First, the model assumes that traffic oscillation is basically a by-product of formation and propagation. While formation is brought by drivers' initiatives towards changing lanes, the causes of propagation are relatively unknown. In essence, the model is developed on assumption that the causes of propagation are unclear despite the increase in oscillations even when drivers are not involved in lane-changing activities. Secondly, the model assumes that driver response time is a major factor in the increase of traffic oscillation though the reaction time takes place within very small time intervals of a few seconds (Laval & Leclercq, 2010, p.4520).

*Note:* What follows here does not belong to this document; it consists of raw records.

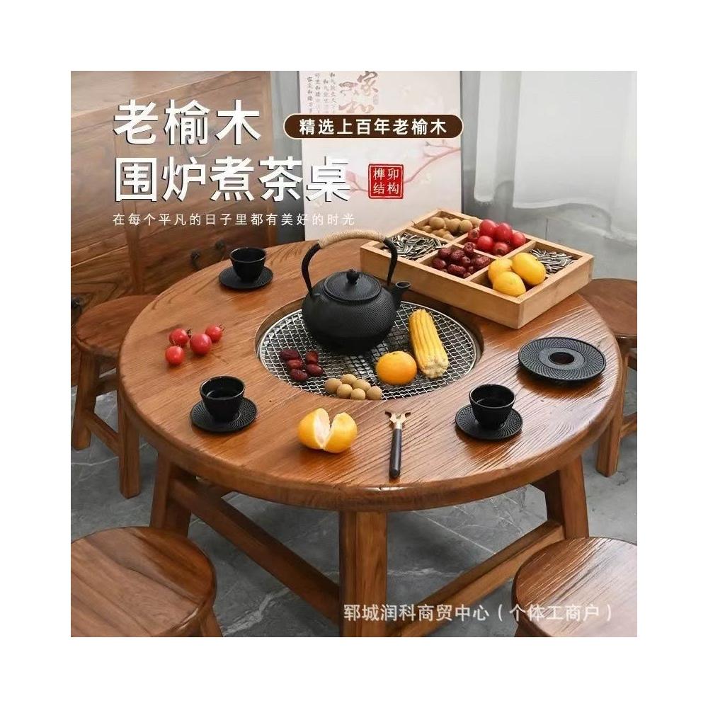 老榆木高檔圍爐煮茶冰茶全套實木茶桌組合圓形煮茶火鍋桌陽臺家用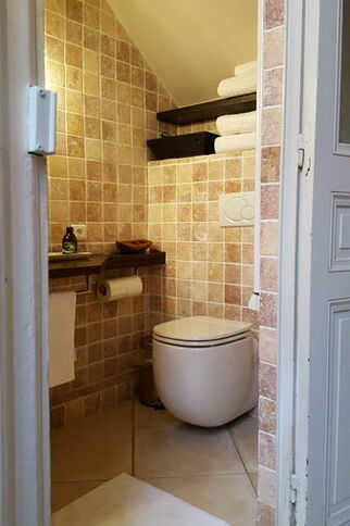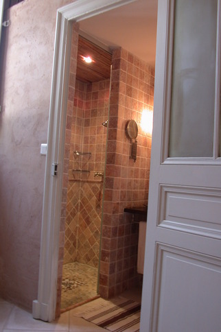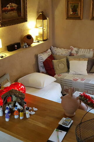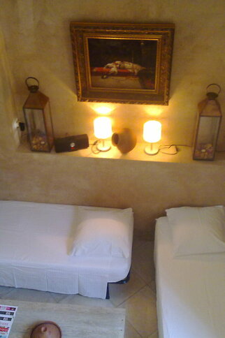 Dans la partie salon, il y a 2 lits de 80x190cm qui font aussi usage de canapés si l’appartement n'est occupé que par deux personnes, ainsi qu'une salle de douche avec WC.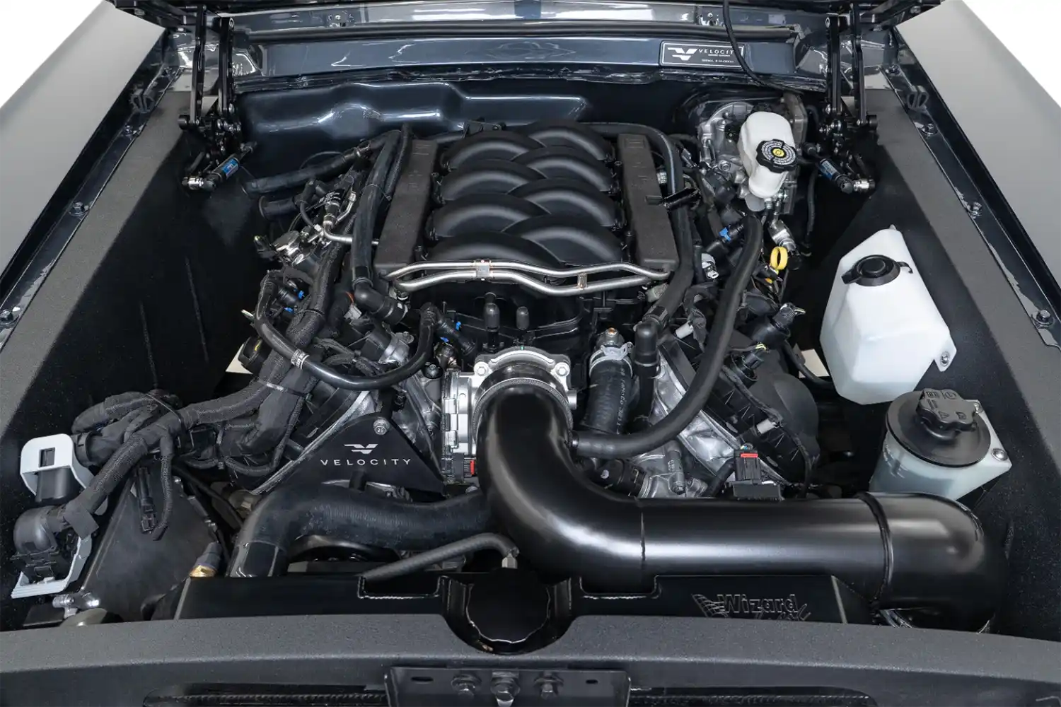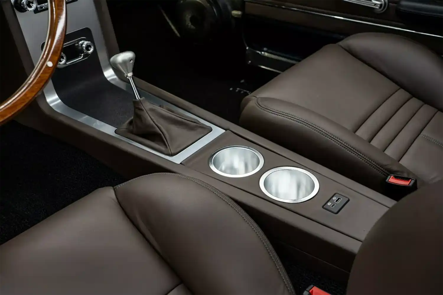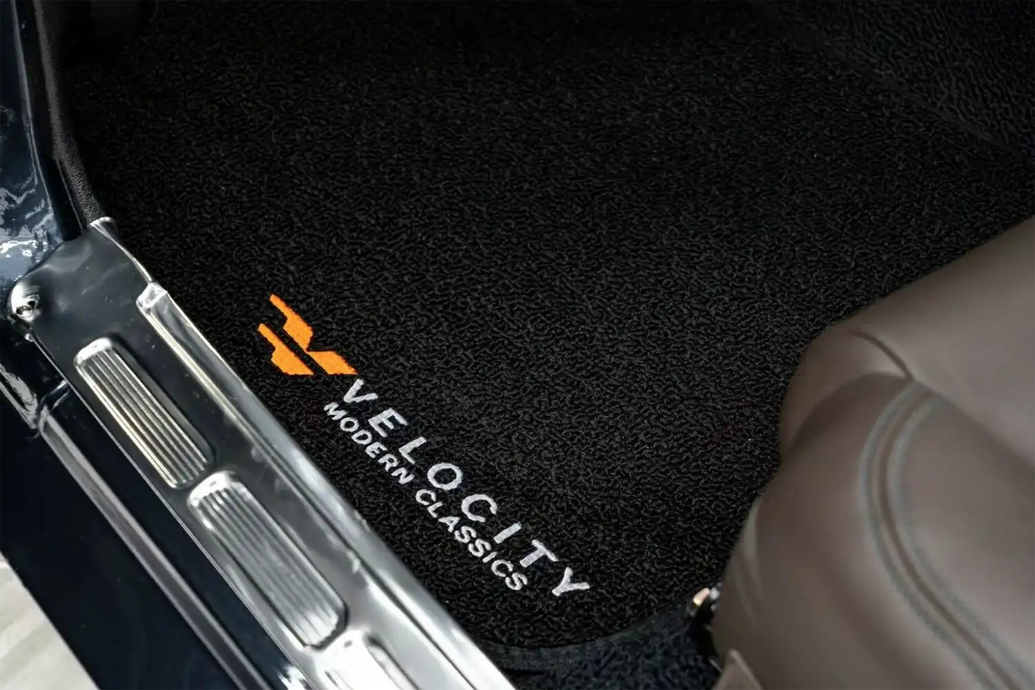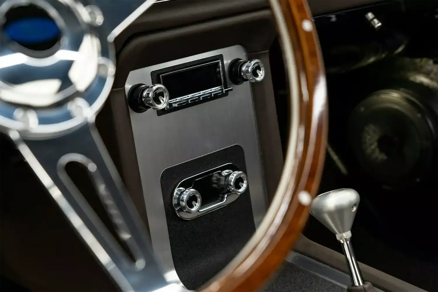 Inside the Fastback, Velocity’s in-house design team has crafted a luxurious cockpit filled with both nostalgia and modern comforts. Climate control comes courtesy of the Vintage Air air-conditioning system. A RetroSound head unit cranks tunes through four Focal speakers and a subwoofer for immersive audio.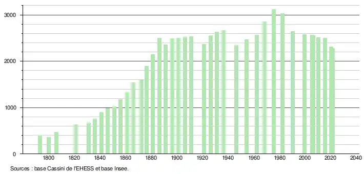 - Population municipale légale en vigueur au 1er janvier 2024, millésimée 2021, définie dans les limites territoriales en vigueur au 1er janvier 2023, date de référence statistique : 1er janvier 2021.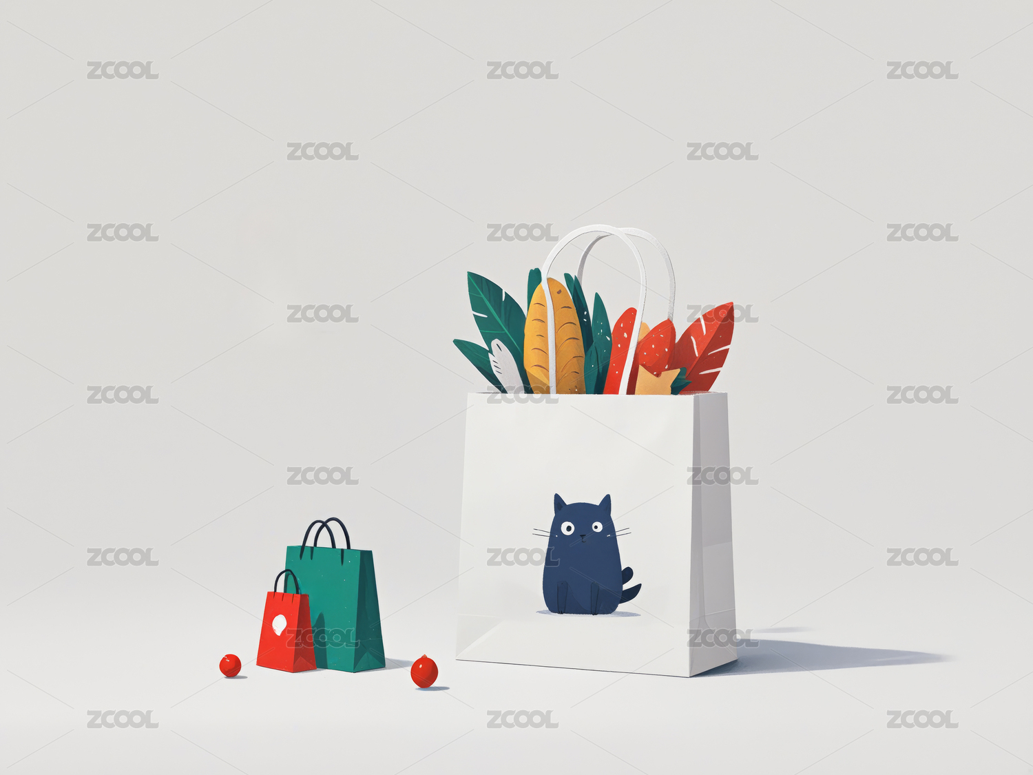 DXCZ202401,购物,购物袋,卡通插画,卡通画,极简

Third, Newell proposed this model on the premise that two congested branches exist in the flow-density fundamental diagram without systems relating to driver behavior. One of these congested branches is the upper branch, which refers to the state of traffic when cars slow down and the lower branch, which is the state of traffic when cars increase speed. Fourth, Newell's Simplified Car-Following Model is based on the assumptions that drivers' behaviors are constant across a spectrum of oscillation cycles. This assumption is based on findings of an analysis of car-following behaviors of individual drivers in nearly all cycles of oscillation. Finally, this simplified representative of existing elementary car-following models assumes that drivers have an ongoing response time as part of the time delay.
Formulations
As previously mentioned, the premise upon which this model is developed and proposed is driver response time and the effective length of the car. The formulations of this model includes the consideration that the standard value for the difference in time is 1 second whereas the wave speed is within the range -20 km/h and -15 km/h. These parameters match an effective length of the vehicle of approximately five meters. Through these parameters, the car-following model has the capability of duplicating instant formation and subsequent propagation of sot-and-go waves during overcrowded traffic. As a result, this simplified car following model formulates the finding that there is a strong link between the behavior of drivers and pre- and post- oscillation. This is primarily because behaviors are relatively consistent among drivers and can be detected or determined through the use of a simple model like this (Chen, Laval, Zheng & Ahn, 2012, p.744).
The other formulation of Newell's Simplified Car-Following Model is the established correlation between theory and fluid models. This connection is established in attempts to transform the model into a macroscopic one through which the consistent behavior across drivers can be explained. Due to the transformation that focuses on generating macroscopic outputs that demonstrate the use of a simpler model with few parameters, there is a linear link or correlation between lined up flows and densities. Therefore, in lined up traffic, flow is essentially a linear declining function of density, which is also influenced by driver behavior and response time. In this case, the average wave speed remains autonomous regardless of the velocities of the car (Ahn, Cassidy & Laval, 2004, p.433).
How the Model Works
Newell's Simplified Car-Following Model works as a constant-in-time framework with...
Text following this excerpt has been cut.